Each of them has a cadre of X-men and X-women with special powers. Xavier's group includes, among others, Cyclops, who sends flares of energy bolts from his eyes, and has to keep them hidden behind the kind of goggles we haven't seen since LeVar Burton wore them in "Star Trek -- The Next Generation." And there's Jean Grey (Famke Janssen), kind of a Charles Xavier-in-training, who is telepathic and telekinetic. Magneto has the Toad, who whips out his twenty-foot-long tongue to do damage, and Mystique, who's normally a deep-sea blue with scales, but who can change her shape and color to imitate any other human.

And so on. The story is triggered by the meeting of two lone mutants, Wolverine (Hugh Jackman), who can grow long knives out of his knuckles and can heal himself when wounded, and Rogue (Anna Paquin), whose touch sucks energy out of the one she touches. They come under Xavier's protection, but Rogue is kidnapped by Magneto as part of his dire plan to destroy all the world's leaders. He must be stopped!

Here's where things begin to go awry. Director Bryan Singer, whose work was so sly and understated in the brilliant "The Usual Suspects," has pounded every scene in "X-Men" so hard that there's no breathing room left for a whole movie to emerge. He kills scene after scene, sequence after sequence, by insisting on constant camera movement. Actors go leaping and flying around the sets, but so does the camera. We're never sure if the mayhem is caused by the characters or the director. And there are very few throwaway lines, lines that might lighten the tone, if only for a moment. Singer just hammers everything to death.

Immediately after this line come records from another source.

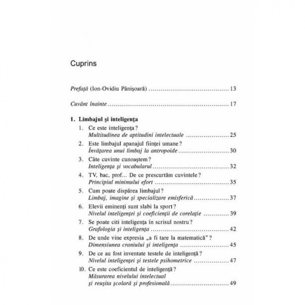 Limbajul si inteligenta • Sintem cu adevarat logici? • Memoria • Cum se explica uitarea? • Perceptia • De la timp la constiinta • Stiati ca somnul are mai multe faze? • Unde se afla inconstientul dumneavoastra? • Motivatiile, emotiile si personalitatea • De ce vrem intotdeauna mai mult? • Ce ne inspaiminta si ce ne face sa plingem?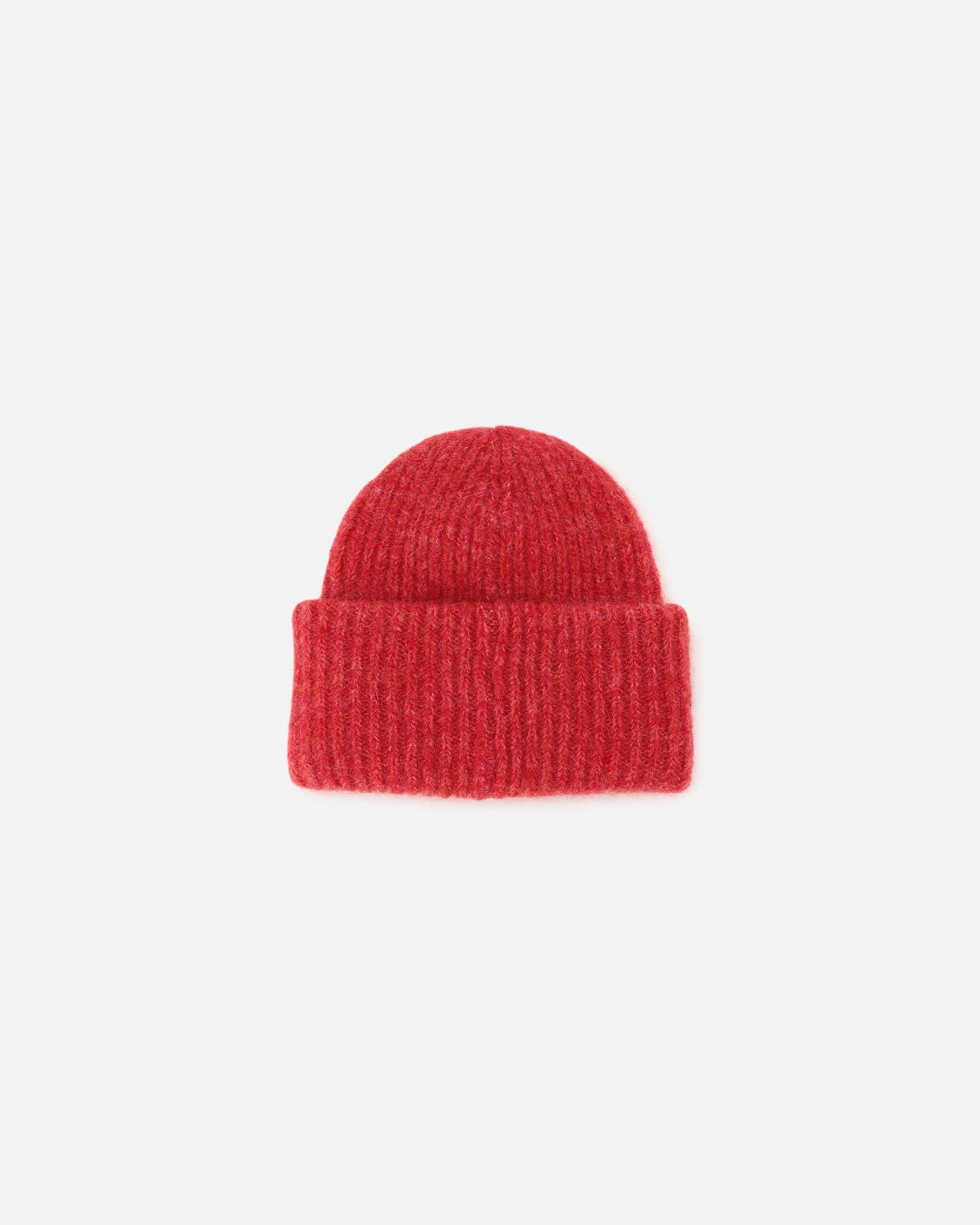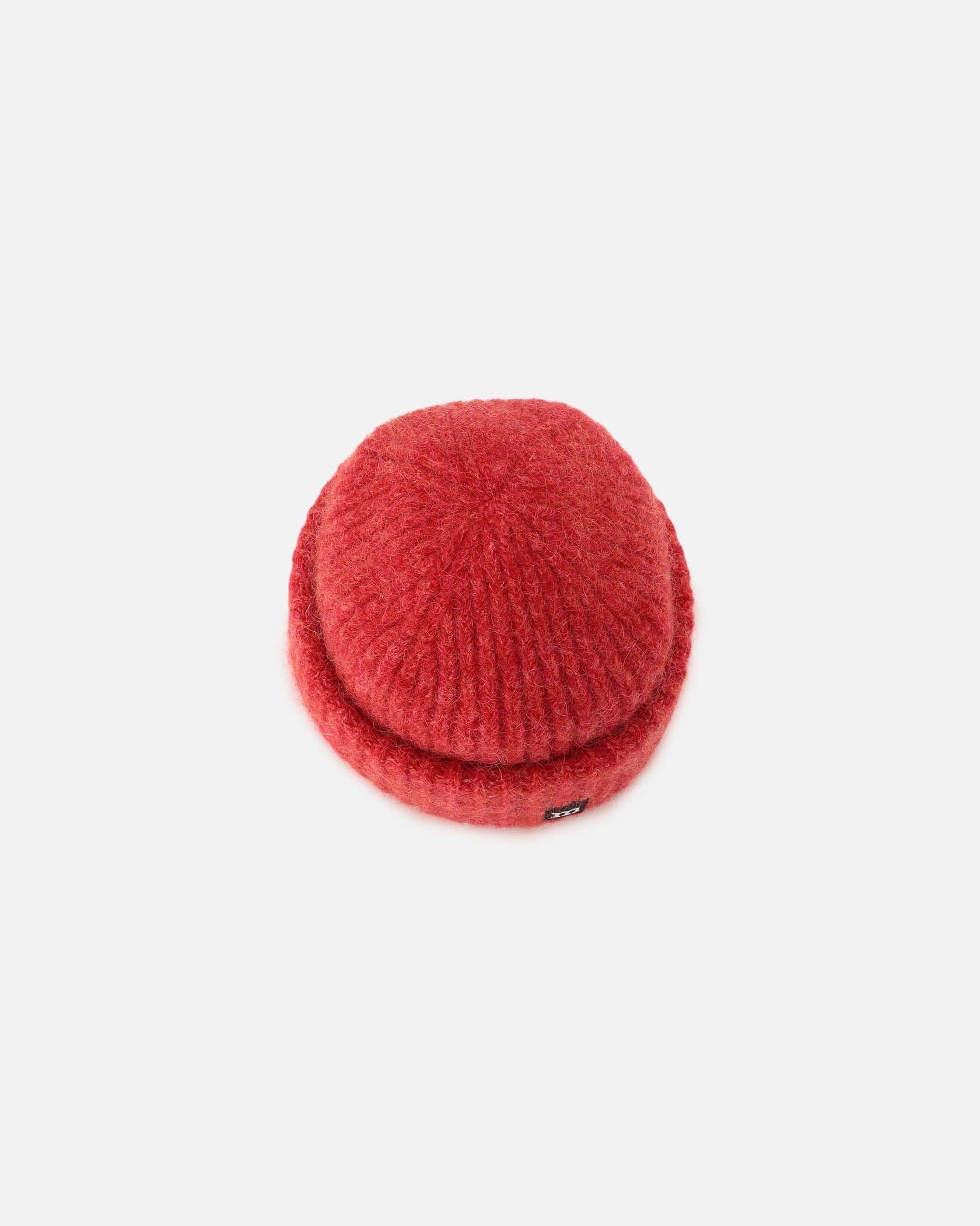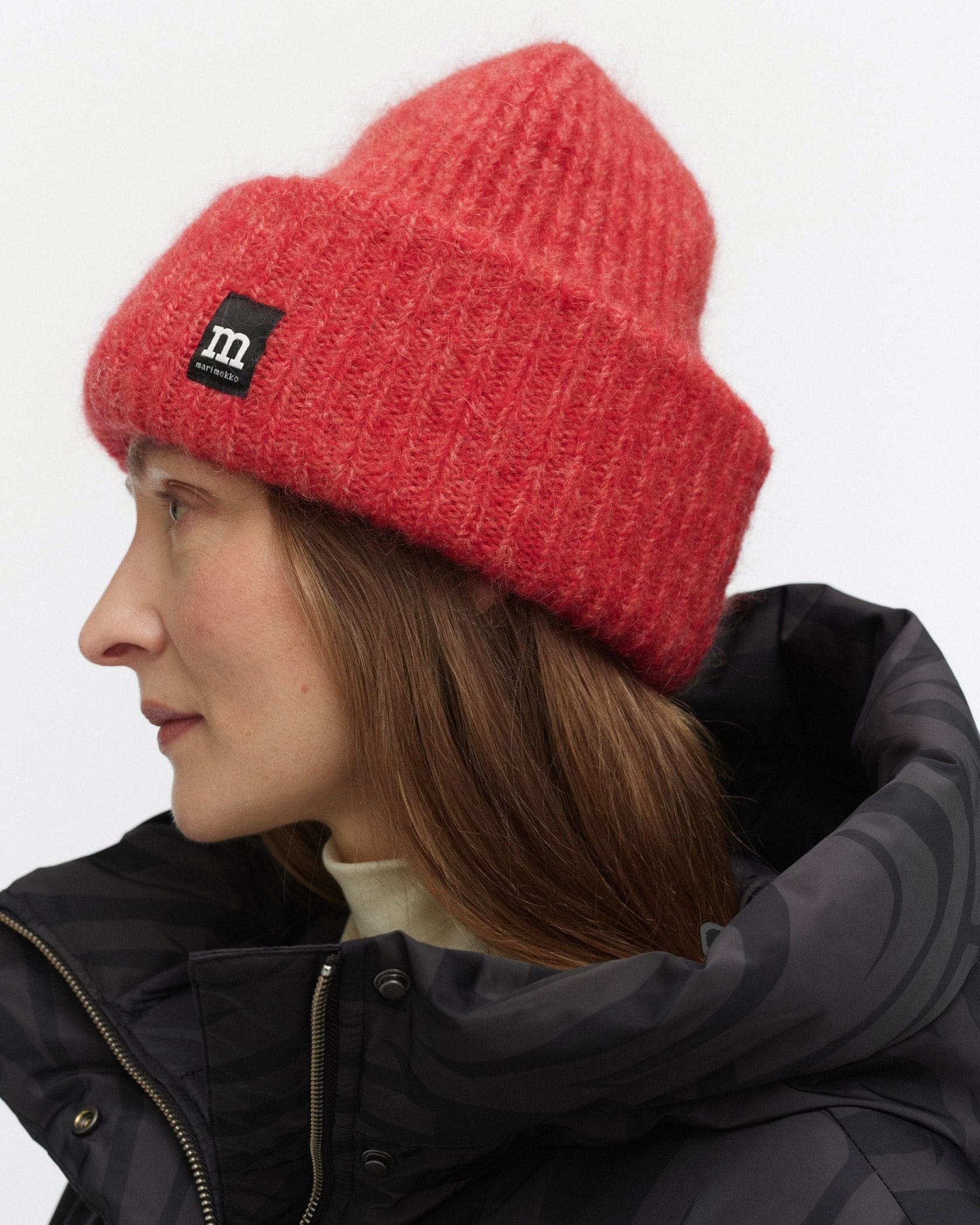 marimekkoのロゴパッチをあしらった、シンプルながらもコーディネートのポイントになるビーニー。起毛糸を使って、ローゲージの立体的なリブ編みで表情豊かに仕上げました。空気をたっぷり含んだ優しい肌ざわりで、被り心地もふんわり暖か。大きく折り返したロール部分は小顔見せにも効果的です。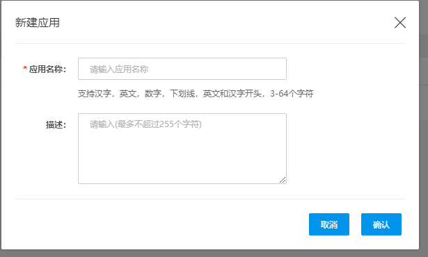 2.单击“新建应用”,弹出“创建应用”对话框。填写应用名称和描述信息。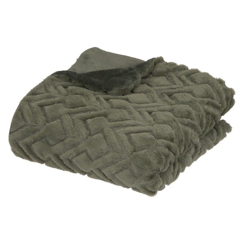 Manta Mara de color verde con diseño geométrico trenzado, ideal para añadir calidez y estilo a tu hogar. Confeccionada en poliéster suave y acogedor, perfecta para usar en el sofá, cama o como complemento decorativo. Su textura acolchada y suave la convierte en una opción cómoda y elegante para cualquier estancia.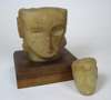 modelled with almond-shaped eyes above a carved mouth and nose, mounted on a wooden plinth, 16cm high overall; together with a smaller ALABASTER HEAD, with similar carved detail, unmounted, 7cm high (2)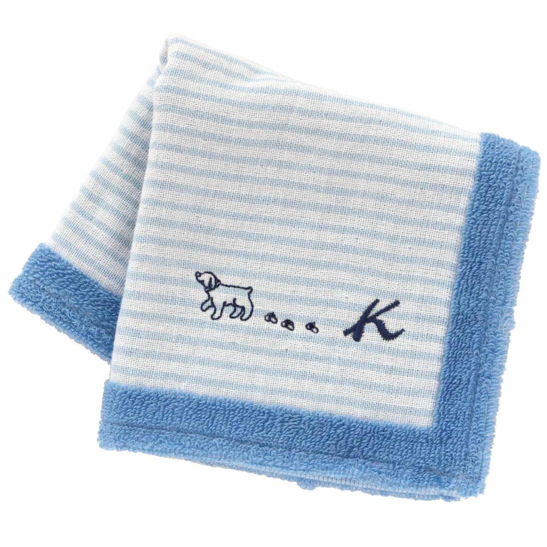 キタムラ 表ガーゼ地・裏タオル ストライプ いぬとKマーク ブルー 【キタムラ Kitamura】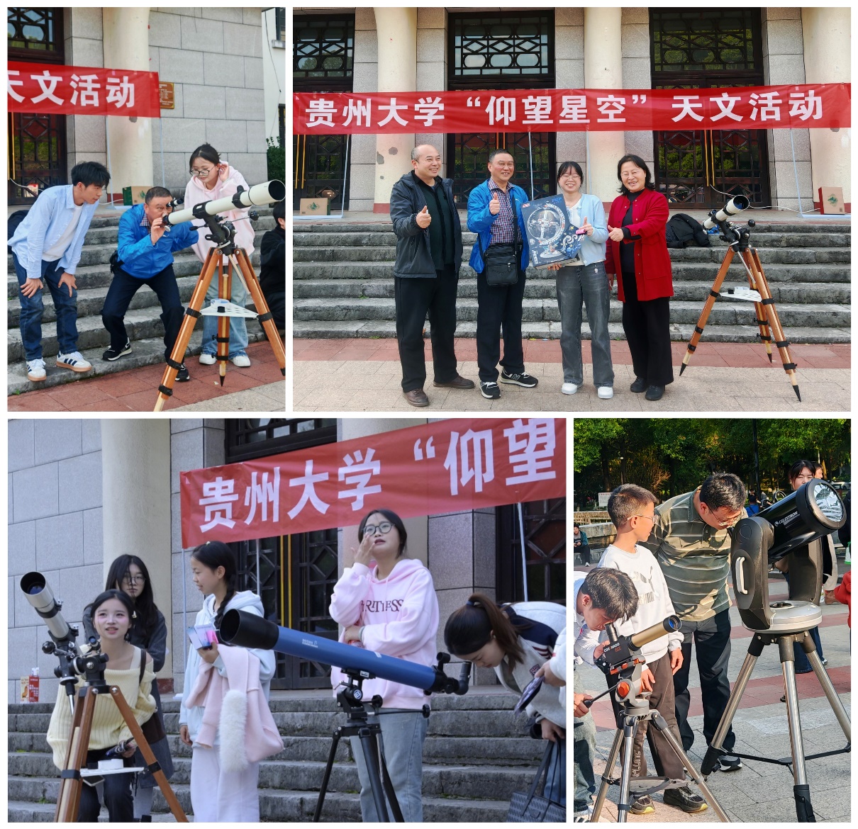 11月15日下午,由贵州大学团委与物理学院联合主办的“循光探宇 仰望星空”天文科普活动在东校区大礼堂前成功举办。物理学院党委副书记陆定波出席活动,校关工委副主任匡萍波、副秘书长牟兰、李景勃、副秘书长兼物理学院关工委副主任董峰林亲临现场,勉励青年学生传承科学家精神,树立科技报国的远大理想。全校师生代表参与活动。

McKellan and Stewart are old pros, of course, with the most mellifluous and resonant voices in film today, and we hope that their few meetings will strike sparks. But their dialogue is flatly written and the confrontations are poorly staged, so we lose even the power they might have given the film.

The final battle sequence is set in and on the head and torch of the Statue of Liberty, and we in the audience should feel the giddy, knee-buckling vertigo that comes with dangerous height and the likelihood of death by falling. But the fear is strangely absent here, and the reason is that Singer keeps moving his camera up, down, and around the various fights, not letting the location itself do the work for him. What should have been a classic 'final' confrontation, of the sort we used to see in "Superman" or "Batman," among others, simply is lost in the confusion caused by Singer's poor staging.

The film's ending is obviously the setup for a sequel, so if the film does well at the box office we will no doubt see another one. But we'll also hope that the next director will do a better job.